Source data:
━━━━━━━━
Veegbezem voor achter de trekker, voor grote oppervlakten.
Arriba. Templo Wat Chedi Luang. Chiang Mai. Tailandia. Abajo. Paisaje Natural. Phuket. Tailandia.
━━━━━━━━
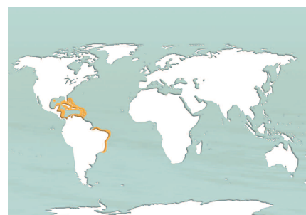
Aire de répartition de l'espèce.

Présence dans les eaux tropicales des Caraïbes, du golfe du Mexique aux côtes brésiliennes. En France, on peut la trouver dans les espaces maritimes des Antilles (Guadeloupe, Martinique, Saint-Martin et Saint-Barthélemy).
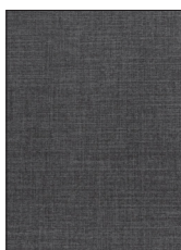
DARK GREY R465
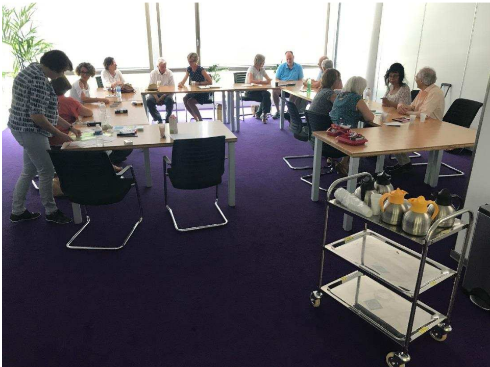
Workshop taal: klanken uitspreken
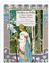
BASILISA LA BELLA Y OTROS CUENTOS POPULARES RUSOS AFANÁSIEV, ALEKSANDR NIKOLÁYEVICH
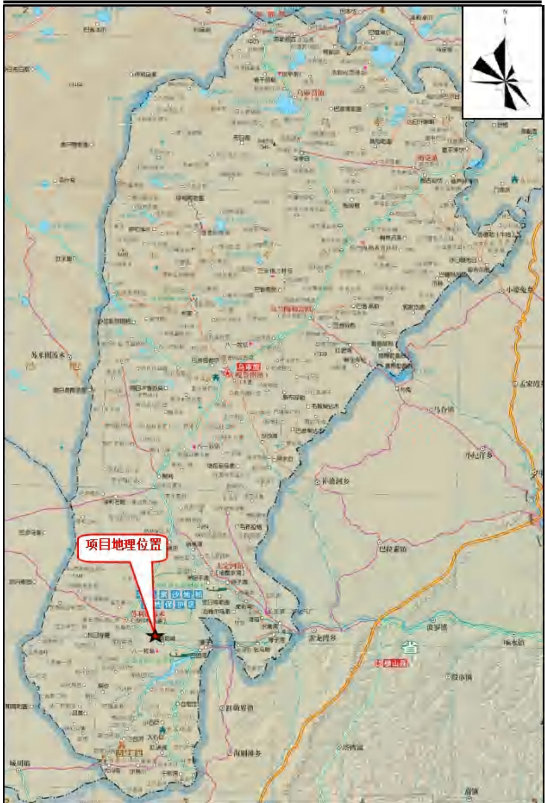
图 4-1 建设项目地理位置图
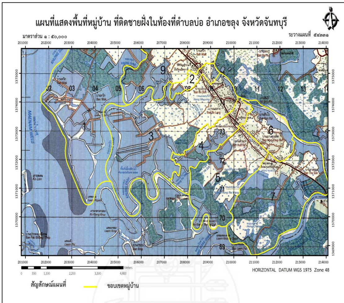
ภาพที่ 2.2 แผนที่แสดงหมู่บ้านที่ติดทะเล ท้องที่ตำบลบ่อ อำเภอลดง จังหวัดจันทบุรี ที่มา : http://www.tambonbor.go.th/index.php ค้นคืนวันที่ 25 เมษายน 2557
━━━━━━━━
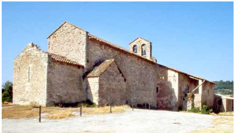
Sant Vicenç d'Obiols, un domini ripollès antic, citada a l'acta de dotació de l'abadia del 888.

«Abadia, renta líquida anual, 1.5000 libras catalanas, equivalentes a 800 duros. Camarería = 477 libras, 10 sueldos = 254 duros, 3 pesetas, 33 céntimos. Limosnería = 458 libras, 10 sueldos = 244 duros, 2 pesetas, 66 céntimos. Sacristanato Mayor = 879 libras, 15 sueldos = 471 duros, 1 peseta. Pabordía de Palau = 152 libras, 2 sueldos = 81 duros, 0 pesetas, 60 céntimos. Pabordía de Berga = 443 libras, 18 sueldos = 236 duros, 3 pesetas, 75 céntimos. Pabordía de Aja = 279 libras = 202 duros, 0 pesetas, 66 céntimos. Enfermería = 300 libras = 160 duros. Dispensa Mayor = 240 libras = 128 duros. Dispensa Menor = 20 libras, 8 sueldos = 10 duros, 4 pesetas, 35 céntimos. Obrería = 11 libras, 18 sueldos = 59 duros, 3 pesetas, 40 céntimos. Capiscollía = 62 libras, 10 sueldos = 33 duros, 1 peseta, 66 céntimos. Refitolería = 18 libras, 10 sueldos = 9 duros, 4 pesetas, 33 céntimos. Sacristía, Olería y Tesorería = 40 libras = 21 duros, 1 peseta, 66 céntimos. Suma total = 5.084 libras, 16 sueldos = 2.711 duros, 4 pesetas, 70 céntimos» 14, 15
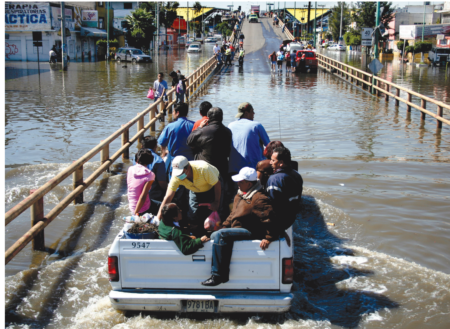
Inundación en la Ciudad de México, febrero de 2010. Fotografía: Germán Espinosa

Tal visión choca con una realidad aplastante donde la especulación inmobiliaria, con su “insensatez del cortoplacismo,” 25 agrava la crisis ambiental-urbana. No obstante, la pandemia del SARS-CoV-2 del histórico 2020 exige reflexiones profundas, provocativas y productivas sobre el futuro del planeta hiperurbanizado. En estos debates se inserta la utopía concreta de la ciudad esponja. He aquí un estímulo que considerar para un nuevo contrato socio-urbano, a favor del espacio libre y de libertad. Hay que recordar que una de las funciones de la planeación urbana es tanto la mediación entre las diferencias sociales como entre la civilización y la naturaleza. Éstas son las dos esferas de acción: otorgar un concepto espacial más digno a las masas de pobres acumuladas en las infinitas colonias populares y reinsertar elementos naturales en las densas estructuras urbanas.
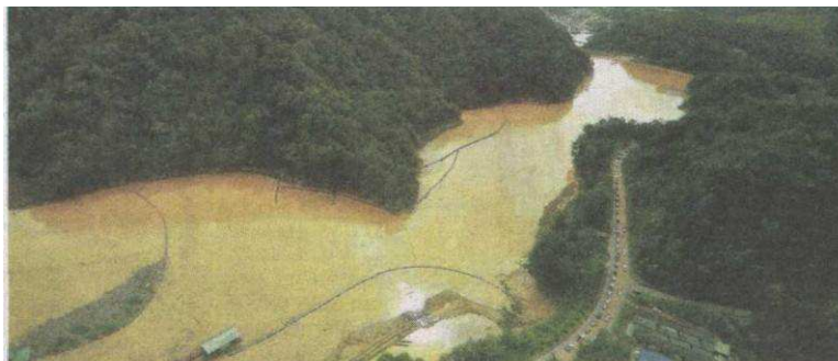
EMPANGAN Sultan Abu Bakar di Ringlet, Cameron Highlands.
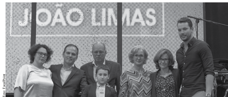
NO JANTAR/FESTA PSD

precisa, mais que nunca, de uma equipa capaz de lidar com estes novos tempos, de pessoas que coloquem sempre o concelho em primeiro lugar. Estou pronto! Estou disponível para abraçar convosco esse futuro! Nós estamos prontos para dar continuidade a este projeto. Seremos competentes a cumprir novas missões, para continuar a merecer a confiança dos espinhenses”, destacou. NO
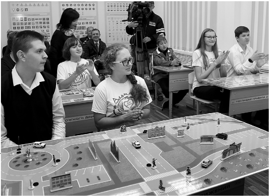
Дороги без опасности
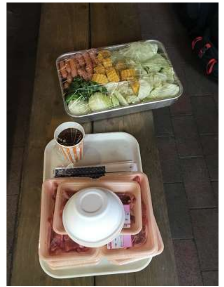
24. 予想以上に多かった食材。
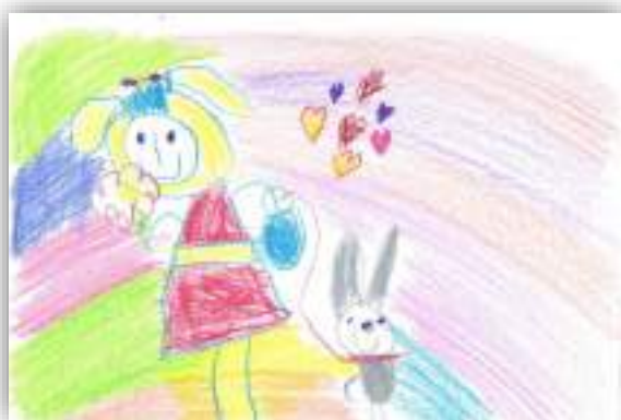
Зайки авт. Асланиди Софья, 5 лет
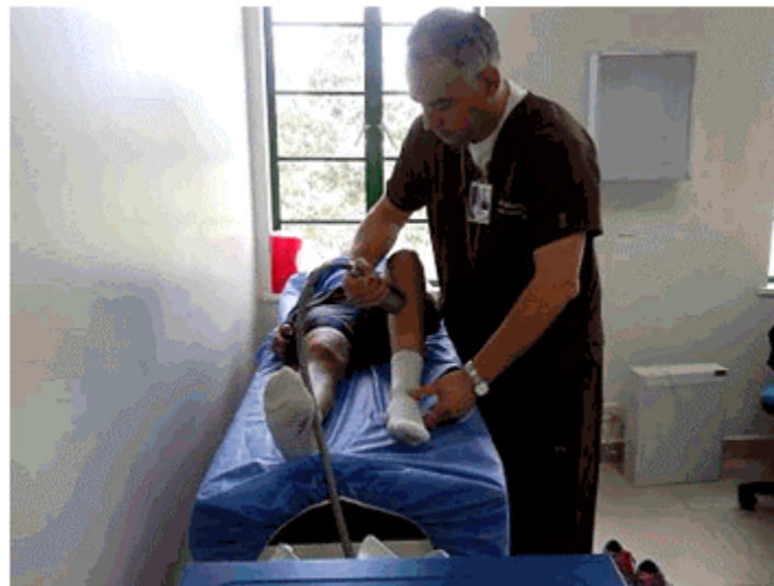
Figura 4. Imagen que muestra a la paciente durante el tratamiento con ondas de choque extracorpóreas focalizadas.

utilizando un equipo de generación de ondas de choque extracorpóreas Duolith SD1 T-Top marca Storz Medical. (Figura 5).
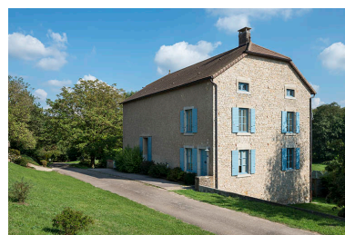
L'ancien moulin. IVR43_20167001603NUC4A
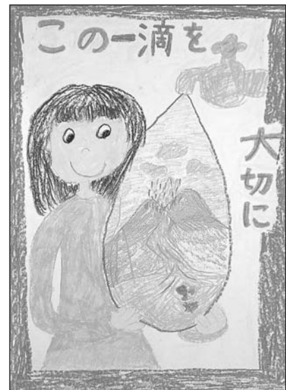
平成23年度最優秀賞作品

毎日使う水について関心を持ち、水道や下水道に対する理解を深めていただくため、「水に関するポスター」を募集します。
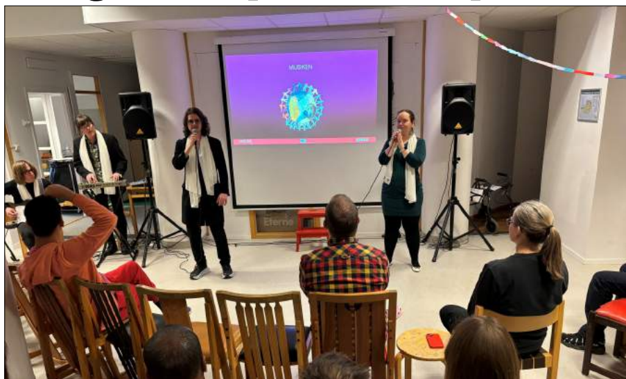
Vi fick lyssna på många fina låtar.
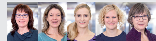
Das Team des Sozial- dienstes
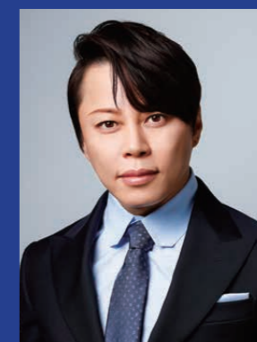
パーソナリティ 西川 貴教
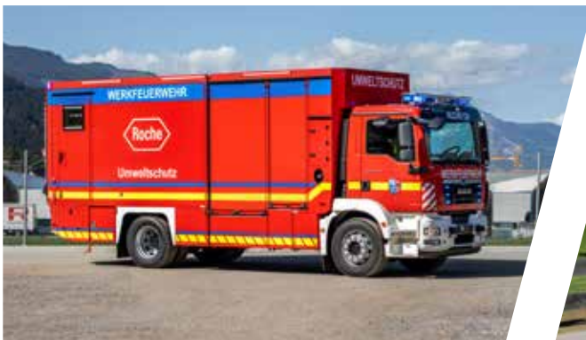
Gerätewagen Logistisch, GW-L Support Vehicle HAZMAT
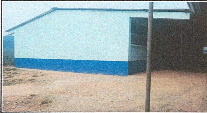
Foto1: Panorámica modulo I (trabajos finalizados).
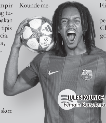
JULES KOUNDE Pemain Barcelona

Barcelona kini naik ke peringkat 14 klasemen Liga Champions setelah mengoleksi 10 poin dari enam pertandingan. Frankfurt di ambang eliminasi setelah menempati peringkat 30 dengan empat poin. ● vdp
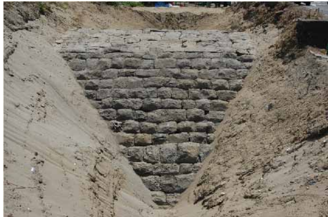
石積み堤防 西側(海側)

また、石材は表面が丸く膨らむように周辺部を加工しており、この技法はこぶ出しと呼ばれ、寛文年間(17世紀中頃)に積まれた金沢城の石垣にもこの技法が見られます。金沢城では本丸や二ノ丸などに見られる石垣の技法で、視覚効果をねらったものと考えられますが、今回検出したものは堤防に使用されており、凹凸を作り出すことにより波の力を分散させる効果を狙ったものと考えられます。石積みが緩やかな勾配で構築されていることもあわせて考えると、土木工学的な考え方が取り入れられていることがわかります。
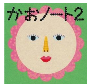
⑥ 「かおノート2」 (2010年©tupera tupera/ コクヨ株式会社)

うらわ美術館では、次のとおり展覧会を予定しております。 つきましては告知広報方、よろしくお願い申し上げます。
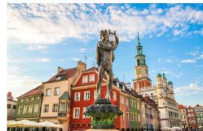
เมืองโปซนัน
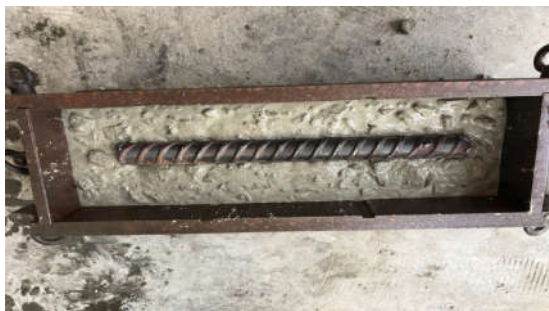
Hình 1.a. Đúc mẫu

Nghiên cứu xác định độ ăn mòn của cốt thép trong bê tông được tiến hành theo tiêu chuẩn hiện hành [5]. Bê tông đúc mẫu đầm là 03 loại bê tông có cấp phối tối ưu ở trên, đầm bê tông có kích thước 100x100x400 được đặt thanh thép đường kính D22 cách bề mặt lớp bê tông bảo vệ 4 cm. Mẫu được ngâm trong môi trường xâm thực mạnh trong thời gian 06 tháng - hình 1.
━━━━━━━━
The task:
Copy out, word for word, the part of the entries above that begins at the line with "Veegbezem voor achter" and ends at the line with "Arriba. Templo Wat", including both.

Expected output:
Veegbezem voor achter de trekker, voor grote oppervlakten.
Arriba. Templo Wat Chedi Luang. Chiang Mai. Tailandia. Abajo. Paisaje Natural. Phuket. Tailandia.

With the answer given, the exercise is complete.